Closed markromanmiller closed 2 years ago
Thanks for pointing this out! Yes, they should have the same output. Seems like the multi-core instance is not executing all the universes (or is not executing in the correct environment). I'll take a look
This seems to be an issue with how we use environments and parallel::mcmapply
, since the code works fine with both mapply
and futures.apply::future_mapply
I'm trying to figure out an alternative solution which supports multicores com, perhaps using the futures
package, which has been a long standing discussion (#54 , #89 ) but this likely means that we can't use pbmcapply
either --- I'll try to look for an alternate implementation of progress bars
Actually, this problem seems to exist for any multicore / multisession library. The problem probably lies somewhere in the use of environments in parallel, but I can't seem to figure out what it is...
I'm going to hazard a guess that mc*apply functions are designed to return a value, not necessarily carry over the side-effects of running code - as how could one tell what those side-effects are?
One approach could be requiring the user to be specific about what objects they want to return - if mc*apply functions return one object per function, perhaps that can be the environment? I don't know, I'm spitballing here. I do currently expect to use cluster computing with multiverse in the next month or two, so I have some time to put into this feature if my need arises.
tl;dr your approach of rewriting the environments makes sense. I describe below *what I think* is going wrong but I'll see if @mjskay has any alternative suggestions
Interesting, so it seems like mc*apply functions does something weird with environments:
library(rlang)
library(purrr)
env_list = list(new.env(), new.env(), new.env(), new.env()) # creates four new environments, with the global env as the parent
code_list = list(expr({a = 111}), expr({b = 112}), expr({c = 113}), expr({d = 114})) # random code
res = mapply(eval, expr = code_list, envir = env_list) # executes the code in each environment
map(env_list, env_names) # returns the names of the variables defined in each environment
env_list_2 = list(new.env(), new.env(), new.env(), new.env())
res = mcmapply(eval, expr = code_list, envir = env_list_2)
map(env_list_2, env_names) # returns `character(0)`
On further inspection (based on the approach you described), it seems like mc*apply functions do not return the same environments that were initially used, but rather returns entirely new environments:
eval_in_env = function(c, e) {
eval(expr = c, envir = e)
e
}
env_mapply = mapply(eval_in_env, code_list, env_list)
map2(env_mapply, env_list, identical) # returns TRUE for all
env_mcmapply = mcmapply(eval_in_env, code_list, env_list)

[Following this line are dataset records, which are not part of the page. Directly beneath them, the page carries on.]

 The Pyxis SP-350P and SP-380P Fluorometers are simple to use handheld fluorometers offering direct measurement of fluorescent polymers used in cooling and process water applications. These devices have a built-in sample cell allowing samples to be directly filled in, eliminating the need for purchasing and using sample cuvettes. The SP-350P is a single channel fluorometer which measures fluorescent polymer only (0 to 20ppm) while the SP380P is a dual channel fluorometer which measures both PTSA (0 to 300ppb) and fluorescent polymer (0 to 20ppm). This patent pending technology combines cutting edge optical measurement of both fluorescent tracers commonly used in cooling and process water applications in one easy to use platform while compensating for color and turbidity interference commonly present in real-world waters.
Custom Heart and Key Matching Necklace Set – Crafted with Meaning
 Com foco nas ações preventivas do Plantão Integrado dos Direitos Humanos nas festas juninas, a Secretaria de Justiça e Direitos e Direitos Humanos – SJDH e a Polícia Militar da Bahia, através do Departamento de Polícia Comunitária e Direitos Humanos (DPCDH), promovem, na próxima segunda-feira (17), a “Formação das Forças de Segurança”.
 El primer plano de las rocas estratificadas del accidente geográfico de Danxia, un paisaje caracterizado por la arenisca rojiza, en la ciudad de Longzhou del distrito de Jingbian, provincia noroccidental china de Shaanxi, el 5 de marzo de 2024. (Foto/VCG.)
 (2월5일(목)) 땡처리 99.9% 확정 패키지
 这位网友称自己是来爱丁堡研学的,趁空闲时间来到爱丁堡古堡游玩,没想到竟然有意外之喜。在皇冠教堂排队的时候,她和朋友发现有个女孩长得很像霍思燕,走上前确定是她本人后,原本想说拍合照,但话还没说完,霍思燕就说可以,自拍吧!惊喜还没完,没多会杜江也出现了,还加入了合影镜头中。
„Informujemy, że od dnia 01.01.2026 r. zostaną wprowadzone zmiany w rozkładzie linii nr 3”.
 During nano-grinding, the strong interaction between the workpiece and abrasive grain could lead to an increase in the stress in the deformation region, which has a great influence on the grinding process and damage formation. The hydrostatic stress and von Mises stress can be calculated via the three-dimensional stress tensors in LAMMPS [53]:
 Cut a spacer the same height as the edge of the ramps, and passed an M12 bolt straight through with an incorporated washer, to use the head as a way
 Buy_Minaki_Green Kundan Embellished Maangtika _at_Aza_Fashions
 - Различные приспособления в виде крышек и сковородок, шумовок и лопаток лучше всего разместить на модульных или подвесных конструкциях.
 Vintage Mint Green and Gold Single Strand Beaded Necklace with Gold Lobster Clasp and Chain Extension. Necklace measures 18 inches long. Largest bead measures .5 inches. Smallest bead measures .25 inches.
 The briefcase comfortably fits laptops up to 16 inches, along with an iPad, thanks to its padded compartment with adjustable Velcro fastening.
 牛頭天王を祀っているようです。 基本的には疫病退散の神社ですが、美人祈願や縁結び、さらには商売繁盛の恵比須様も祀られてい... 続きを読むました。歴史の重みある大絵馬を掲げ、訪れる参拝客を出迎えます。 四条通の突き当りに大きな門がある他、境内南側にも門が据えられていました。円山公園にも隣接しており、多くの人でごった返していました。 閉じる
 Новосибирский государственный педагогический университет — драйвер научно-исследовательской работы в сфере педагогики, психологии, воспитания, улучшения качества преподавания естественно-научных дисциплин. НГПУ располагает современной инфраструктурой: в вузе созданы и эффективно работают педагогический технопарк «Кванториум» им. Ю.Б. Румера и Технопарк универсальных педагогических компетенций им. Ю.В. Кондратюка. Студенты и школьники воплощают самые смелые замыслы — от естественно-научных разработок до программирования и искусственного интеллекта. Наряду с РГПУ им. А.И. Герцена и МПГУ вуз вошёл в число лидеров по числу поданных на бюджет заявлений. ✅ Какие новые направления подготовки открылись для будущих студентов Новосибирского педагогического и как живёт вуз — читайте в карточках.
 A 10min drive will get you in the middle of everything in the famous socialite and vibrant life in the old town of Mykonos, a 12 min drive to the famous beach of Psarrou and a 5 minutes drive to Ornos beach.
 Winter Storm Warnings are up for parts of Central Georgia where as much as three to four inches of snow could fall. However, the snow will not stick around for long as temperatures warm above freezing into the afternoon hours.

map2(env_mcmapply, env_list, identical) # returns FALSE for all
This second issue is why the output differs, because the actual environments in which mc*apply is executing the code is not stored anywhere. This makes me wonder if we should just use mc*apply instead mapply (even for single core operations) and change how we deal with environments instead of having two separate pathways...
Yeah, I don't know exactly how R environments work with threads or multiple processes, but I would guess that they can't be shared across them. So I would guess that the parallel versions of apply copy environment contents into a new environment on a separate thread or process and then copy results back upon completion. So they would not be able to directly modify environments in the original thread.
This second issue is why the output differs, because the actual environments in which mcapply is executing the code is not stored anywhere. This makes me wonder if we should just use mcapply instead mapply (even for single core operations) and change how we deal with environments instead of having two separate pathways...
Having a single pathway makes sense. Though, did we end up implementing the crazy tree-of-environments approach or not? Would that need to change for a multithreaded approach?
If we are going to change this around, I would suggest moving to {future} at the same time as this should make it easier for users doing this on a cluster with custom setups.
We actually have the tree-of-environments implemented (and I do remember the parallel apply functions working at some point in time), but I don’t think it should be an issue. I think simply changing things to creating environments on execution instead of creating them apriori makes sense here
I'll write some tests for checking parallel execution.
It appears that when code is run across multiple cores, the
.results
object containing the universe environments aren't updated properly. I would expect both of these methods to have equivalent results:Created on 2022-04-22 by the reprex package (v2.0.1)
I'm running R 4.1.2 with RStudio 2021.09.2 on Ubuntu 20.04 LTS with 11th Gen Intel® Core™ i7-1165G7 @ 2.80GHz × 8. I'm not sure if I'm missing any software libraries to enable this capability.